QuestionWhen I am really early to class should I study?wikiHow ContributorCommunity AnswerYes, that is a great idea so you can refresh your brain.Thanks!
QuestionHow can an older student remember the information? I read the info and forget what I read.wikiHow ContributorCommunity AnswerI would read the information at different times of the day to seek the best results. Also, take note of the environment. A home with a spouse, kids and a dog is not the same as a school library. Try standing as you take information in; it will engage more of your body.Thanks!
One way to study for a test is by making and following a study plan. Ask your teacher what will be on the exam, and make studying into a game by drawing pictures or making flash cards for each topic. If you’re getting a late start on your studying, make a study group and break up the topics into different parts. Then, have each person teach the group everything about their specific topic. The morning of the exam, look over your notes a few times to calm your nerves!
- Write the date on your notes. Being able to find the information from last Tuesday's lecture easily will save you time.
- Make flashcards and turn them into a fun game. Studying does not have to be boring.
- Every night, once you have studied enough, reward yourself later. Play some video games or have a special treat.
- After you finish reading a paragraph or so, make a mind map of all the things you can recollect and check whether all points are mentioned. If not, mark the points you forgot as important, as you are likely to forget them in the future.
- If you are on a little trip, be sure to take your study materials with you so you can study whenever you have time.
- Read aloud while revising.
- Ask anyone else to ask you questions from your notes. This will help you know the weak points and the areas where you are not as good or confident.
- Find soft classical music that you can have "floating" in the background while you study. This helps lower stress and helps your mind process the information better.
- Every time you study, chew a specific flavor of gum. When you take that test, chew the same flavour of gum. It will help you remember what you studied.
- Take it one concept at a time, hitting the hardest first. Then, quiz yourself. Try to make the questions harder than the actual test questions.
- The night before the test, get a good nights sleep.
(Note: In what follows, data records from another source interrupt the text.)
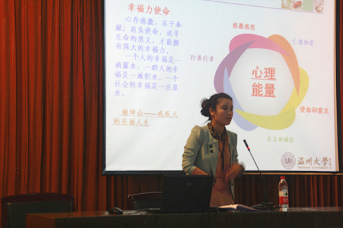 为引导财会系2013级新生正确认识新环境中遇到的问题,学会自我调适,顺利融入大学生活,用积极的心理去感知幸福。10月16日晚18时,书香财会心理讲堂在树人堂顺利举行。此次讲座的主题为“积极心理学感召下的幸福力——新生心理适应性专题讲座”,主讲嘉宾为来自温州大学的国家二级咨询师靳颖老师。讲座由系学工办主任马德龙主持,近500名新生聆听了本次讲座。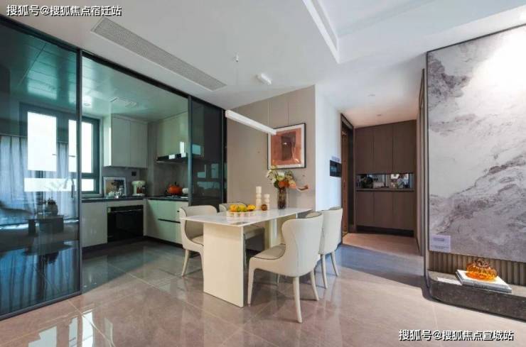 餐客公共空间由经典竖厅创新演变为“横向宽厅”,大开间短进深,扩大视觉观感,增加采光面,营造温暖舒适的家庭空间;家庭成员可处于同一场域,实现更多情感互动,陪伴交流。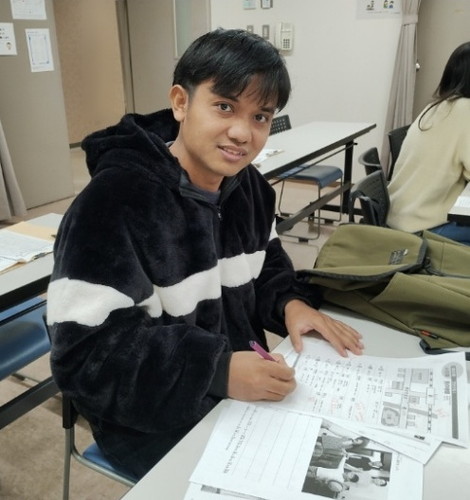 マスロルさんは、4年前にインドネシアから日本に来ました。道路用の各種ブロックや雨水桝などのコンクリート製品を作る仕事をしています。仕事だけでなく、オンラインの大学にも入学して経済学の勉強をしています。クスクスには3年前に入会し、ほとんど欠席することなく、毎回熱心に日本語の学習を続けている真面目な学習者さんです。土日も学習にがんばるマスロルさんには頭が下がります。

If you have time, go take a shower, listen to music, or look over the flashcards. If you made some, if not look at your copy of the notes. Drink water and don't have sugary foods because by the time the test came around you would be full of energy and wouldn't want to sit down.
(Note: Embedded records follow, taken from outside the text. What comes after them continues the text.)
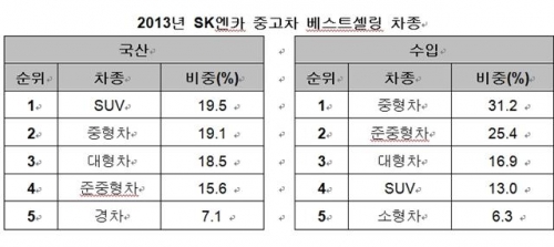 정인국 SK엔카 종합기획본부 본부장은 “최근 실속형 소비 성향이 확산되면서 차량 구매 목적에 맞게 SUV나 준중형차를 찾는 소비자들이 늘고 있다”고 말했다.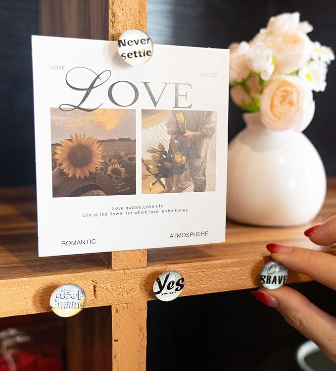 - Motivational Decorative Push Pins: These Decorative thumb tacks are printed with various inspirational quotes that remind us of the importance of perseverance and hard work every time we use them, provide psychological comfort and support, and unconsciously sublimate our expectations and hopes, encouraging us to become a better version of ourselves.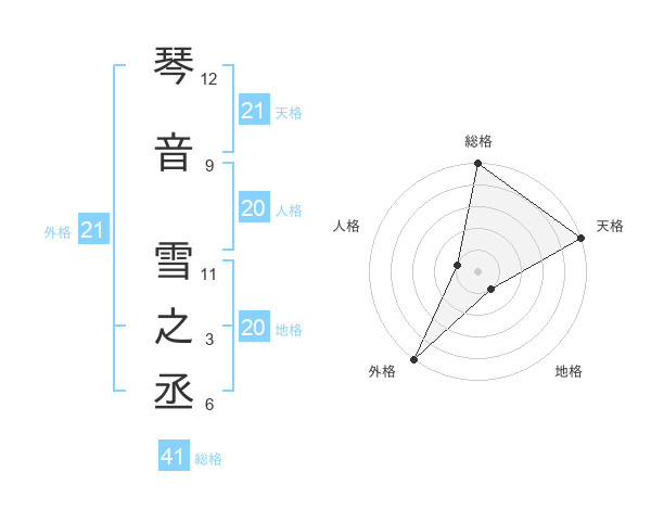 琴音 雪之丞さんの外格は21画の5点!

- Answer questions the teacher asks in class. When a group listens to you, the pressure gets big and if you know the right answer, you'll remember it way longer. Even if your answer is wrong, the teacher will explain it to you.
- Drink plenty of water, eat plenty of food and have plenty of sleep so you will have more energy during the test. Stomach rumblings can be distracting.
- Every weekend take home your notes and for each course/subject make a summary of all the notes taken that week. When exam time comes, you'll be ahead of the game with pre-made notes.
- When you read through your notes, use 3 different colors. They can be highlighters, pens, markers, colored pencils, etc. but highlighters are easiest to use. Highlight section titles in one color, vocabulary or important words with another, and any other important information with the last color. This should help you focus on what you need to know.
- Make sure you reread and explain everything. This is especially important when studying for a math test.
- Study in the morning.
- Don't exhaust your brain. Take short breaks when you need to.
- Do not wait until the last minute to study. Studying the night before can get your brain too tired, and during the test, you will forget every bit of information you've collected during your study time.
- If you worry, you will feel less confident about the test. Try not to stress; it's just one test.